In 2019, NS Health designed a retailer-led pricing intervention to encourage a shift in consumer purchasing to healthier snack foods, called Snacking Made Simple. Ten popular snack food and beverage items were selected from the regular café and cafeteria menus to be targeted. Five healthier snack items were price discounted, alongside a price increase for five less healthy items (see Table 1). The intended effect was to encourage purchases of healthier snacks, while simultaneously discouraging less healthy alternatives.

Table 1 Price, price change, and average weekly purchases of targeted healthier and less healthy snack food and beverage items, during baseline and intervention periods, April 2018 to December 2019

The intervention was implemented throughout the Queen Elizabeth II (QEII) Health Sciences Centre, comprised of four retail foodservices outlets in three buildings across two campuses. All outlets are open to hospital staff as well as the public, such as outpatients, families, and visitors. Features of the outlets are described in Table 2 and a map of the retail food outlets within the buildings and corresponding neighbourhood geography is shown in Supplementary Fig. 1.

Table 2 Total menu offerings, nutrient profile of menu items with average weekly menu size, and total sales volume, within each retail outlet at QEII Health Sciences Centre, April 2018 to December 2019

Each QEII retail outlet has a comparable main menu with standardized pricing. A key difference between outlets is menu size: a smaller menu is offered at the grab-and-go café and smaller cafeteria, focusing on ready-to-eat items and coffee/tea; at the two larger cafeterias with their full-service on-site kitchens, a larger menu is available with many from-scratch cooked items. Snack foods are a popular purchase, generally consistent across all outlets, and were targeted for the price intervention. Evidence suggests snacks are a useful food category for examining healthier substitute purchasing in the hospital, since they may be discretionary foods, sensitive to price changes in workplaces and schools, and with evidence of substitutive effects in cross-price elasticity studies [20, 28, 29].
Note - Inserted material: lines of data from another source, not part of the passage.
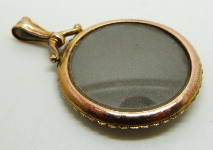 A 9ct gold locket set with a portrait miniature surrounded by seed pearls, 3cm diameter
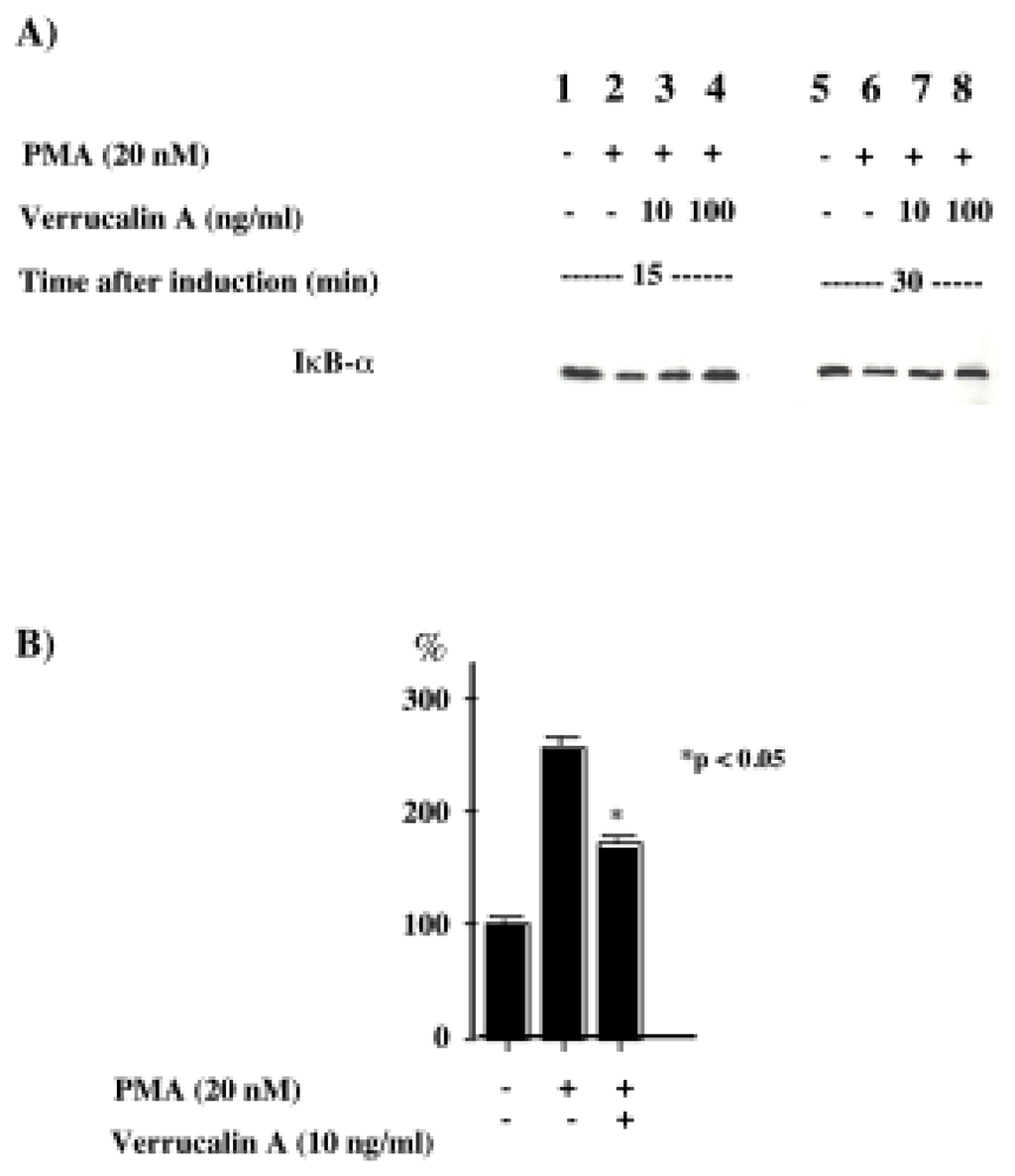 Effect of verrucarin A on the activation of NF-κB in PMA-stimulated HL-60 cells. A) Western blot analysis with polyclonal antiserum to IκB-α. Total protein extracted from the control (1 and 5) and PMA-stimulated HL-60 cells, with or without 15 or 30 min incubation with verrucarin A (2–4 and 6–8), was electrophoresed on 10% SDS-PAGE gels and examined by western blotting using polyclonal antiserum. B) Effect of verrucarin A on the transcriptional activation of the NF-κB binding region in PMA-stimulated HL-60 cells. HL-60 cells (2.5 x 107) were transfected with the reporter plasmid including the NF-κB binding region and treated with PMA (20 nM) and verrucarin A. The luciferase activities were determined as described in Materials and Methods. The activity of the cells treated with PMA (20 nM) was set at 100%. Each value is the average of the results from three independent experiments.
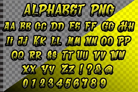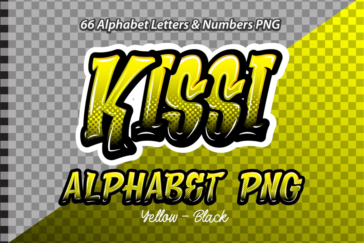 Kissi Yellow Black color Alphabet letters & numbers PNG. file
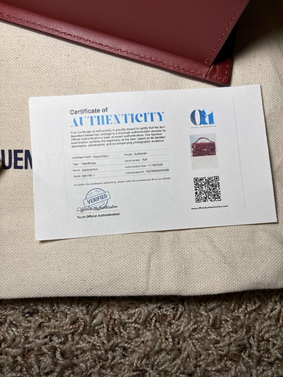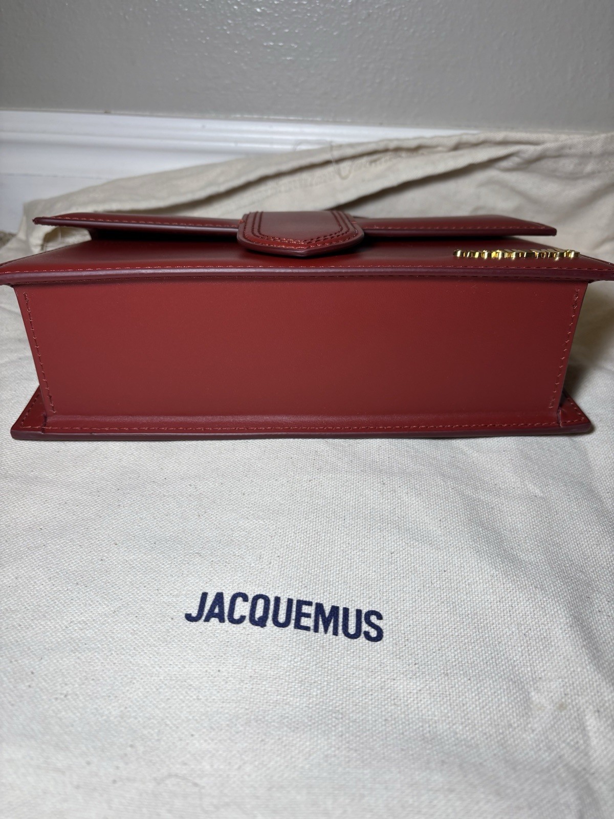 The Jacquemus Le Grand Bambino Sachel Bag in Dark Burgundy is a stylish and high-quality handbag designed for women. With a solid rectangular shape and a magnetic closure, this bag features a top handle made of gold-plated hardware. The luxurious exterior is made of leather in a rich burgundy color, adding a touch of elegance to any outfit. This designer crossbody bag by Jacquemus is a perfect blend of fashion and functionality, making it a must-have accessory for any fashion-forward woman.
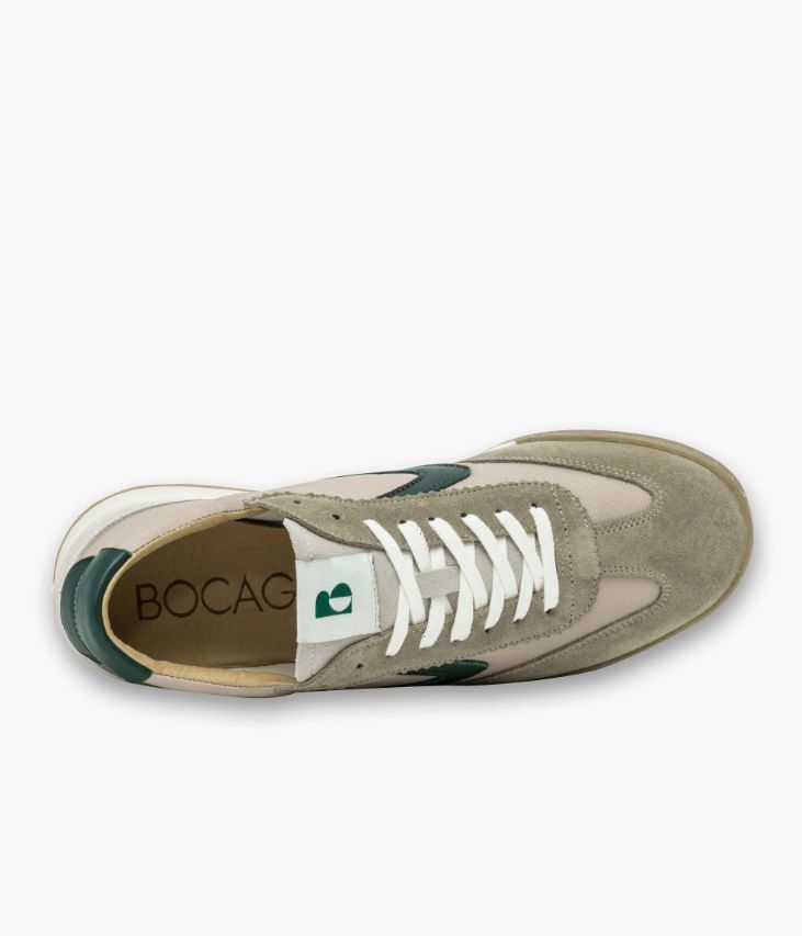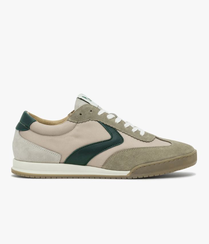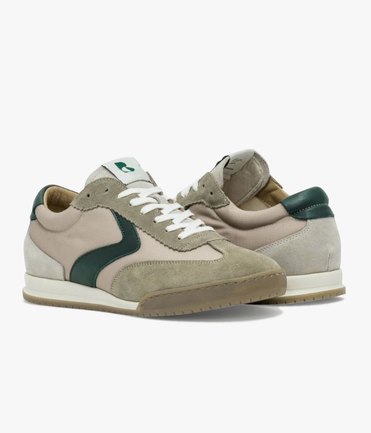 Une basket beige fabriquée avec soin au Portugal. Sa tige en toile nylon est agrémentée d’empiècements en cuir velours ton sur ton et écru, et rehaussée de touches de cuir lisse vert apportant une touche dynamique. Cette basket homme est doublée textile et dotée d’un col rembourré doublé cuir assurant un excellent confort. Elle repose sur une semelle bicolore renforcée par une piqûre latérale sur l’avant du pied.

Rationale for price change and active merchandising strategy

In the Snacking Made Simple intervention, the five healthier items received a -13% to -25% discount, and the five less healthy items received a concurrent price increase of + 13% to + 26% (see Table 1). The price intervention was consistent at all outlets, which was possible by modifying the prices in the common POS system, at a set time point. The magnitude of price change was based on allowable thresholds for revenue/procurement, and health evidence on pricing typically effective to induce a change in demand. In the literature, +20% is frequently cited as an effective magnitude of price increase to reduce demand for sugary beverages, for instance, but the price changes evaluated across prospective studies has ranged widely; one meta-analysis reported from -10 to -50% for different target items across price discount trials [7].

Behaviour change theory around the ‘4Ps’ was used to develop an active merchandising campaign [2]. The goal was to position healthier and less healthy snack items as substitutes, as well as communicating transparently about the health and business rationales for price changes. This was seen as encouraging informed ‘buy-in’ from hospital staff, an internal stakeholder/consumer population with motivation to seek healthier alternatives. Although messaging and visual identity was consistent for the whole of QEII, specific elements of merchandising were implemented dependent on the physical layout features by outlet, which are not uniform. The campaign included: a) Placement (e.g., specialized shelving displays for two of the outlets (Large Cafeteria A and Grab-and-Go Café)); b) Promotion (e.g., key messages, logo, and visual identity used on signage, banners, and staff t-shirts); and c) Training. Specifically, the Placement changes increased the prominence of promoted healthier snacks at the cash register lines, by turning the items towards the traffic flow of customers and increasing the proportion of healthier relative to less healthy snacks. Less healthy snacks were not obscured or hidden, however. The branding (Snacking Made Simple) aimed to communicate affordability, convenience, and substitute appeal (see Supplementary Fig. 2 for brand design). Promotional messaging presented the intervention snacks as direct substitutes (healthier versus less healthy), including the idea that at a population-level, the price increase for the less healthy snacks were ‘subsidizing’ the price decrease for the healthier options.

Measures and analysis

Data source and coding

A retrospective longitudinal study was designed to assess change in purchases of targeted snack food items over time in response to the intervention. Baseline sales data was available for 66 weeks and the effect of the intervention was assessed after 21 weeks duration of intervention, a total of 87 weeks of data. This corresponded to a nearly two-year period from April 2018 to December 2019. The emergence of the COVID-19 pandemic in early 2020 resulted in hospital service demands and disruptions that limited time and human resources across all services, including Nutrition. As a result, it was decided that this outcome analysis should be truncated to available interim data, compiled at the end of the calendar year 2019. Administrative sales data was extracted for each of the four hospital retail outlets, provided by NS Health and imported for cleaning and analysis using RStudio Version 1.2.5033 (Orange Blossom).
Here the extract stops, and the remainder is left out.